1.7k Views Asked by At

OpenFST provides a python extension. Is ist possible to read input symbols (isyms) from a compiled FST model using that API?

I can't find the right property or method to do that:

>>> import fst
>>> f = fst.Fst('/home/jan/Downloads/en_us_nostress/model.fst')
>>> dir(f)
['__class__', '__delattr__', '__doc__', '__format__',
'__getattribute__', '__hash__', '__init__', '__new__', '__reduce__',
'__reduce_ex__', '__repr__', '__setattr__', '__sizeof__', '__str__',
'__subclasshook__', '_arc_type', '_check_mutating_imethod',
'_fst_type', '_weight_type', 'arcsort', 'closure', 'concat',
'connect', 'decode', 'encode', 'invert', 'minimize', 'project',
'properties', 'prune', 'push', 'relabel', 'reweight', 'rmepsilon',
'topsort', 'union', 'verify', 'write']
>>> dir(fst)
['ACCEPTOR','ACCESSIBLE', 'ACYCLIC', 'ADD_ARC_PROPERTIES',
'ADD_STATE_PROPERTIES', 'ADD_SUPERFINAL_PROPERTIES', 
'ARC_SORT_PROPERTIES', 'BINARY_PROPERTIES', 'COACCESSIBLE',
'COPY_PROPERTIES', 'CYCLIC', 'DELETE_ARC_PROPERTIES', 
'DELETE_STATE_PROPERTIES', 'EPSILONS', 'ERROR', 'EXPANDED', 
'EXTRINSIC_PROPERTIES', 'FST_PROPERTIES', 'Fst',
'FstError', 'FstWarning', 'INITIAL_ACYCLIC', 'INITIAL_CYCLIC',
'INTRINSIC_PROPERTIES', 'I_DETERMINISTIC', 'I_EPSILONS',
'I_LABEL_INVARIANT_PROPERTIES', 'I_LABEL_SORTED', 'MUTABLE',
'NEG_TRINARY_PROPERTIES', 'NON_I_DETERMINISTIC',
'NON_O_DETERMINISTIC', 'NOT_ACCEPTOR', 'NOT_ACCESSIBLE',
'NOT_COACCESSIBLE', 'NOT_I_LABEL_SORTED', 'NOT_O_LABEL_SORTED',
'NOT_STRING', 'NOT_TOP_SORTED', 'NO_EPSILONS', 'NO_I_EPSILONS',
'NO_O_EPSILSONS', 'NULL_PROPERTIES', 'O_DETERMINISTIC', 'O_EPSILONS',
'O_LABEL_INVARIANT_PROPERTIES', 'O_LABEL_SORTED',
'POS_TRINARY_PROPERTIES', 'RM_SUPERFINAL_PROPERTIES',
'SET_ARC_PROPERTIES', 'SET_FINAL_PROPERTIES', 'SET_START_PROPERTIES',
'STATE_SORT_PROPERTIES', 'STRING', 'TOP_SORTED',
'TRINARY_PROPERTIES', 'UNWEIGHTED', 'WEIGHTED',
'WEIGHT_INVARIANT_PROPERTIES', 'Weight', '_Fst', '_MutableFst',
'__builtins__', '__doc__', '__file__', '__name__', '__package__',
'__pyx_capi__', '__test__', '_fst_error_fatal_old',
'_get_compose_filter', '_get_queue_type', '_get_rand_arc_selection',
'_get_replace_label_type', 'arcmap', 'compose', 'convert',
'determinize', 'difference', 'disambiguate', 'epsnormalize',
'equal', 'equivalent', 'intersect', 'isomorphic', 'prune', 'push', 'randequivalent', 'randgen', 'replace', 'reverse', 'rmepsilon',
'shortestdistance', 'shortestpath', 'synchronize']
2

There are 2 best solutions below

1
On BEST ANSWER

I suspect that you're using version 1.5.0 of OpenFST in which that feature was unavailable.

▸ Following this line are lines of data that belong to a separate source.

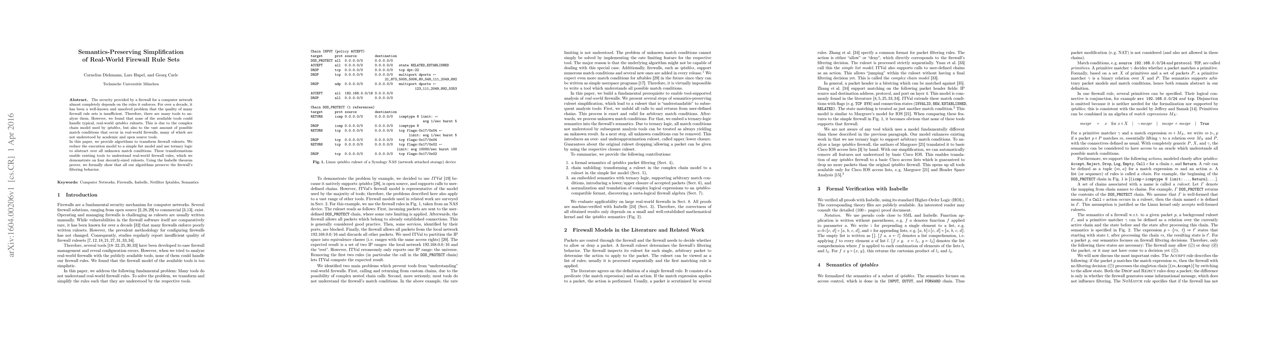 This paper presents algorithms to simplify complex real-world firewall rulesets, transforming them into a simple list model while preserving semantics using ternary logic. The authors demonstrate that these transformations enable existing tools to interpret the rules and formally prove the algorithms' correctness using the Isabelle theorem prover.
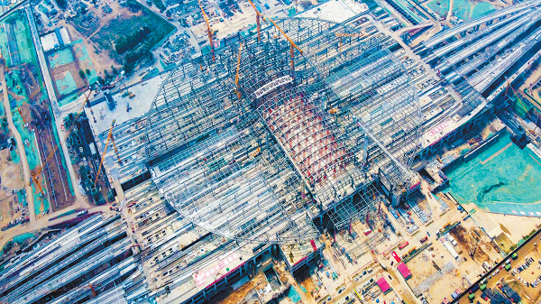 7月8日,京雄城际铁路雄安站屋盖雨棚及高架层钢结构施工正在有序推进。雄安站是京雄城际铁路规模最大的新建车站,站场总规模11台19线,总建筑面积47.5万平方米,站房造型犹如荷叶上的一滴露珠。
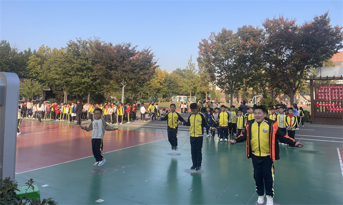 在保障学生运动时间方面,学校在原有“上午大课间,天天体育课”制度基础上,进一步优化锻炼安排,在下午第二节课后增设40分钟大课间。包括广播体操、跳绳、跑步等运动项目。学校组要求班主任老师各负其责,体育教师按年级分组值守,为学生提供专业指导,确保运动安全与锻炼效果。同时,学校还倡导“先运动、再进班”的晨练模式,鼓励清早到校的学生优先参与户外运动打卡,分区域进行不同类型运动,从小培养主动锻炼的良好习惯。
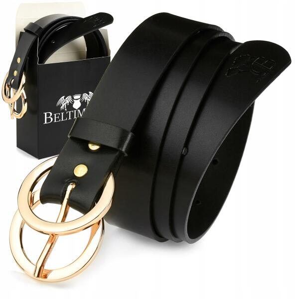 Beltimore Női bőr öv fekete arany körökkel, masszív, klasszikus 3 cm széles Beltimore (D50_85)
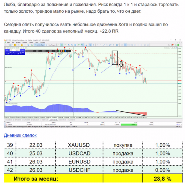 Вот системный результат ученика за месяц: +23,8% за 42 сделки
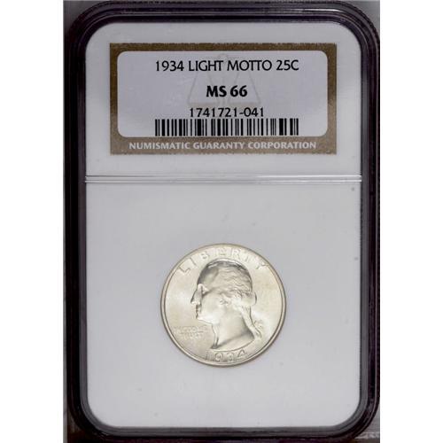 <B>1934<25C> Light Motto MS66 NGC.</B></I> The chestnut-tinged surfaces are lustrous and lovingly preserved. The Light Motto is considerably scarcer than the Medium Motto.<BR><I>From The Houston Collection of Washington Quarters.</B></I> <BR><BR><B>Important notice:</

I believe this was added in version 1.5.1 or so. http://www.openfst.org/twiki/bin/view/News/FstNews

I'm using 1.5.3 and am able to access the symbol tables with input_symbols and output_symbols.

>>> dir(fst._Fst)
    ['__class__', '__delattr__', '__doc__', '__format__',
    '__getattribute__', '__hash__', '__init__', '__new__',
    '__pyx_vtable__', '__reduce__', '__reduce_ex__', '__repr__',
    '__setattr__', '__sizeof__', '__str__', '__subclasshook__',
    '_repr_svg_', 'arc_type', 'arcs', 'copy', 'draw', 'final',
    'fst_type', 'input_symbols', 'num_arcs', 'num_input_epsilons',
    'num_output_epsilons', 'output_symbols', 'properties', 'start',
    'states', 'text', 'verify', 'weight_type', 'write']

There's a little more information available here http://www.openfst.org/twiki/bin/view/FST/PythonExtension under "FST object attributes and properties"

0
On

In OpenFST 1.7.6, one can extract both input and output symbol tables as an option of FSTPRINT. Here is an edited version of the options from the HELP for that command. The FST file will print to screen but you'll find the symbol table(s) in the file(s) you specify.

Update: To avoid a lengthy screen print just send the output of the FSTPRINT to a scratch file such as "junk.txt" that you can delete while saving the symbol table file. See the added example at end of code section.

fstprint --help
Prints out binary FSTs in simple text format.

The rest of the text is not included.